Überwachung und Versorgung von Dysplasien bei chronisch entzündlichen Darmerkrankungen

Überwachung und Versorgung von Dysplasien bei chronisch entzündlichen Darmerkrankungen

Martin Götz, Tübingen

Gastroenterology 2015, 148:639-651

SCENIC International Consensus Statement on Surveillance and Management of Dysplasia in Inflammatory Bowel Disease
Loren Laine, Tonya Kaltenbach, Alan Barkun, Kenneth R. McQuaid, Venkataraman Subramanian (6) and Roy Soetikno, for the SCENIC Guideline Development Panel

Summary of Recommendations for Surveillance and Management of Dysplasia in Patients With Inflammatory Bowel Disease

Detection of dysplasia on surveillance colonoscopy

  1. When performing surveillance with white-light colonoscopy, high definition is recommended rather than standard definition (strong recommendation, low-quality evidence).
  2. When performing surveillance with standard-definition colonoscopy, chromoendoscopy is recommended rather than white-light colonoscopy (strong recommendation, moderate-quality evidence).
  3. When performing surveillance with high-definition colonoscopy, chromoendoscopy is suggested rather than white-light colonoscopy (conditional recommendation, low-quality evidence).
  4. When performing surveillance with standard-definition colonoscopy, narrow-band imaging is not suggested in place of white-light colonoscopy (conditional recommendation, low-quality evidence).
  5. When performing surveillance with high-definition colonoscopy, narrow-band imaging is not suggested in place of white-light colonoscopy (conditional recommendation, moderate-quality evidence).
  6. When performing surveillance with image-enhanced high-definition colonoscopy, narrow-band imaging is not suggested in place of chromoendoscopy (conditional recommendation, moderate-quality evidence).

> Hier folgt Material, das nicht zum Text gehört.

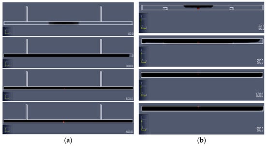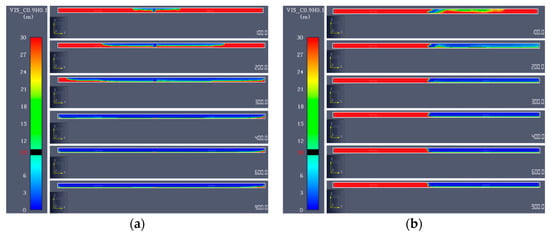 Changes in the longitudinal center section of visibility: (a) 0.5 m/s; (b) 3.6 m/s.
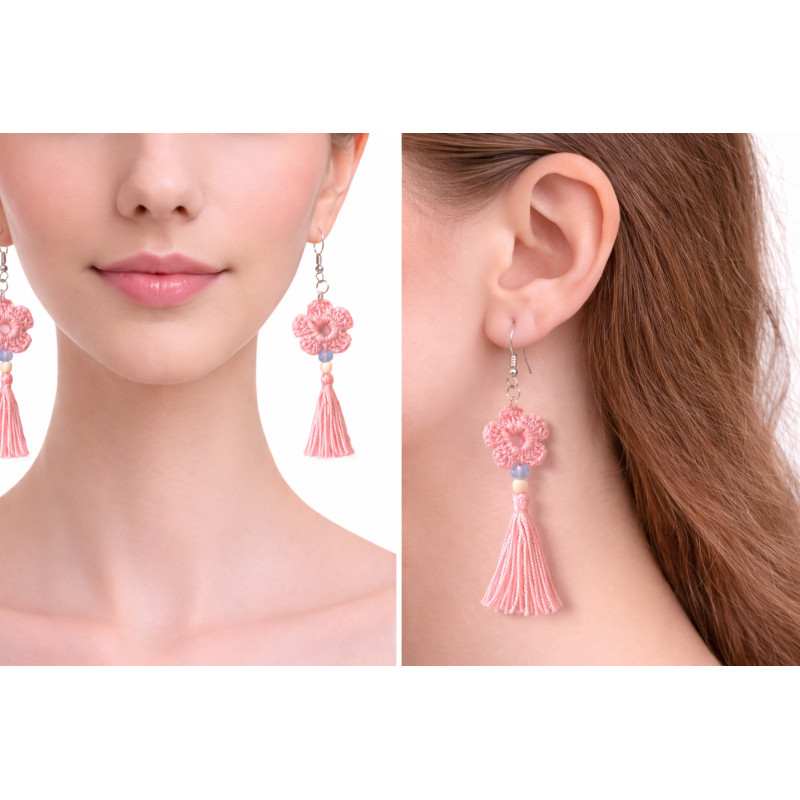 Herkkä ja iloinen käsityönä virkattu korvakorupari, jossa kukkamuotoinen virkkaus yhdistyy pieneen helmeen ja pehmeään tupsuun. Vaaleanpunainen väri tuo koruihin raikkautta ja leikkisyyttä – täydellinen kevyeen kesäasuun tai piristämään arkea.

Management of dysplasia discovered on surveillance colonoscopy

  1. After complete removal of endoscopically resectable polypoid dysplastic lesions, surveillance colonoscopy is recommended rather than colectomy (strong recommendation, very low-quality evidence).
  2. After complete removal of endoscopically resectable nonpolypoid dysplastic lesions, surveillance colonoscopy is suggested rather than colectomy (conditional recommendation, very low-quality evidence).
  3. For patients with endoscopically invisible dysplasia (confirmed by a GI pathologist) referral is suggested to an endoscopist with expertise in IBD surveillance using chromoendoscopy with high-definition colonoscopy (conditional recommendation, very low-quality evidence).

Was Sie hierzu wissen müssen

Patienten mit chronisch entzündlicher Darmerkrankung (CED) haben ein erhöhtes Risiko für die Entwicklung kolorektaler Karzinome und entsprechender Vorstufen. Dies betrifft sowohl Patienten mit Colitis ulcerosa (CU) als auch Patienten mit M. Crohn (MC). Die hier vorgestellten SCENIC- (Surveillance for Colorectal Endoscopic Neoplasia Detection and Management in Inflammatory Bowel Disease Patients:International Consensus Recommendations) Leitlinien zur Überwachung der Patienten mit CED sind zeitgleich in Gastroenterology und Gastrointestinal Endoscopy erschienen und wurden von den amerikanischen Fachgesellschaften American Society for Gastrointestinal Endoscopy und American Gastroenterological Association, aber auch von der Asian Pacific Association of Gastroenterology, British Society of Gastroenterology, Canadian Association of Gastroenterology, European Society of Gastrointestinal Endoscopy und der Japan Gastroenterological Endoscopy Society verabschiedet. Sie zeigen große Übereinstimmung mit der Europäischen Leitlinie der ECCO (1).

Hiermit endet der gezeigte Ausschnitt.